2010-06-01 Thread Mark H. Wood
This should be more widely understood:  an application considers a CA
trusted because some human told it so.  There is no other way.

The recognized CAs are trusted by e.g. your browser because the
maker of the browser decided to trust them and so put them into the
list of trusted CAs that is packed in the browser.  Others have
written about the kinds of things those CAs needed to do in order to
gain that trust.  If you decide that you don't trust one of them, you
can take it out and it becomes untrusted *for you*.

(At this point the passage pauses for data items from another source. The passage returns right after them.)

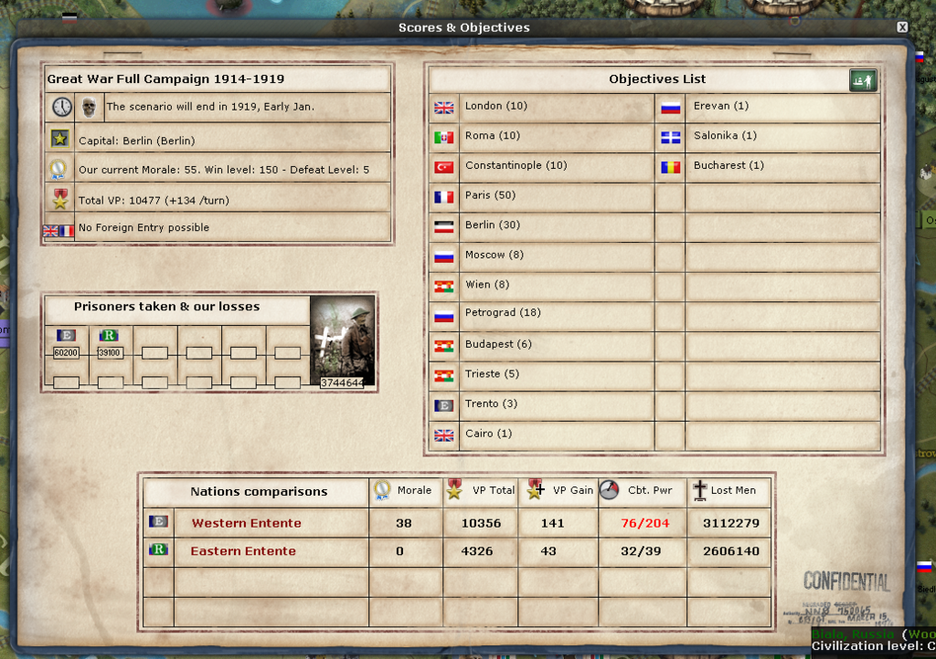 Another potential issue has surfaced in the same PBEM. It is late July 1917 and Eastern Entente reached 0 morale in early July. The second straight turn it shows EE morale at 0 - but no surrender. All EE units (Russia, Romania, Serbian) remain in the game and active.
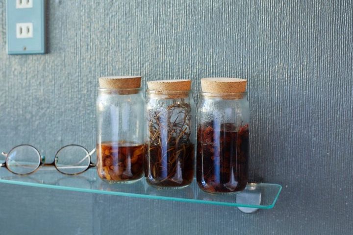 「身近な草花をウォッカにつけて精製水でわり、チンキを作っています。化粧水がわりに使ったり、髪につけたりしています」
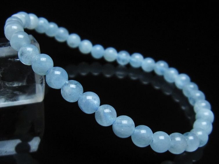 | ■商品名: アクアマリンブレスレット ■商品ID: T35-19967 ■商品重量:約 6.4g ■商品サイズ:内周約:156mm(±5mm)粒直径約:5mm(±0.5mm) 【アクアマリン(藍玉)】 3月の誕生石として知られた天然石です。 ベリル(緑柱石)の一種のためエメラルドやモルガナイト、レッドベリルなどと同じグループにあるパワーストーンで、アクアマリンはブルーベリルの別名を持ちます。 「アクアマリン」という名称の語源はラテン語で水の意味のアクアと海の意味のマリナスに由来しています。 古代ローマの漁夫たちが海難防止と豊漁のお守りにしていたことや、海の精の宝物が海底から浜辺に打ち合げられて宝石になったとされているという言い伝えがあり、アクアマリンは旅の安全のお守りとして一つは持っておきたいストーンです。 また、アクアマリンは穏やかさと包容力をもたらし、免疫力を高め体の不調を整え精神面と体調面でのサポートをしてくれるとされています。 さらには夫婦愛を高め恋人同士のすれ違いを無くすとされ、安産や子宝に恵まれる効果もあるともいわれています。 このように幸せな結婚を象徴する事から、アクアマリンは結婚や出産の贈り物におすすめです。 ⇒ アクアマリンをもっと詳しく ◆ワンポイント情報 アクアマリンの劈開は不明瞭、モース硬度は7.5~8となり十分な硬度がありますのであまり取り扱いに神経質になる必要はありませんが、石自体の内部にあるクラックやインクルージョンに力や衝撃が加わると割れてしまう可能性もある点にご注意下さい。 |
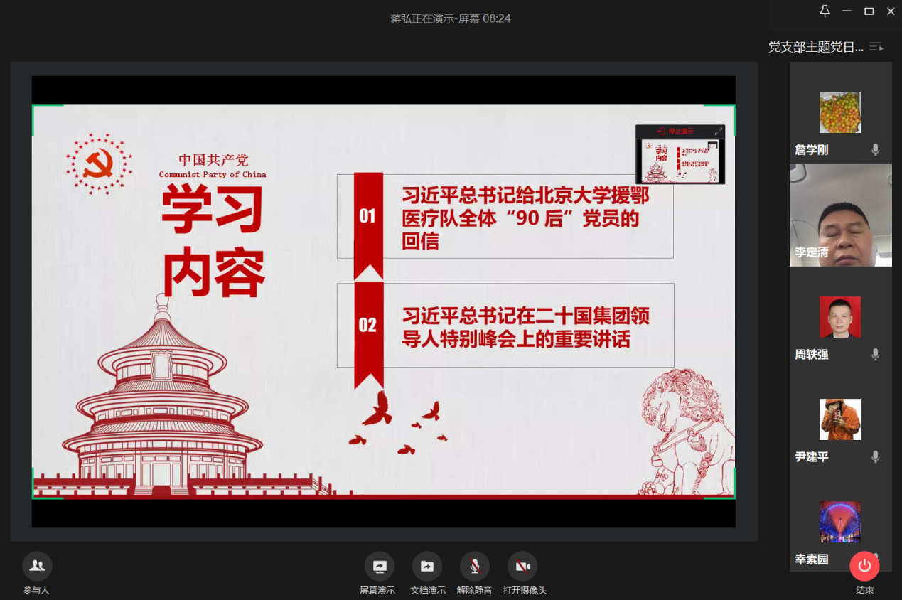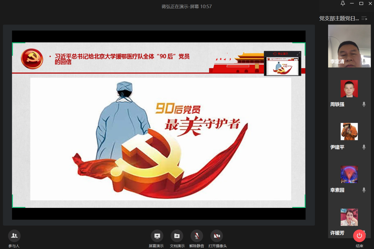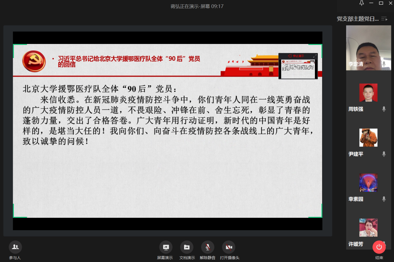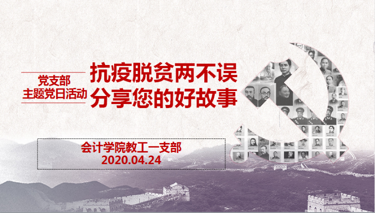 4月24日下午,会计学院教工一支部通过企业微信视频会议召开了“抗疫脱贫两不误,分享您的好故事”主题党日活动,学习了习近平总书记给北京大学援鄂医疗队全体“90后”党员的回信和习近平总书记在二十国集团领导人特别峰会上的重要讲话。党员同志们分享各自了解到的抗疫脱贫事迹,畅谈感受。支部书记蒋弘主持会议。

If you decide to trust a CA that hasn't made the browser makers'
goodie lists, you can just install it in your browser's list of
trusted CAs and it becomes trusted *for you*.  Anyone else can do that
too, with a similar result for himself.

If any given cert. is calculated to be trusted, that means that, at
the top of the chain, it can be linked back to a cert. that someone
marked manually as trusted.  Trust is not calculable without that.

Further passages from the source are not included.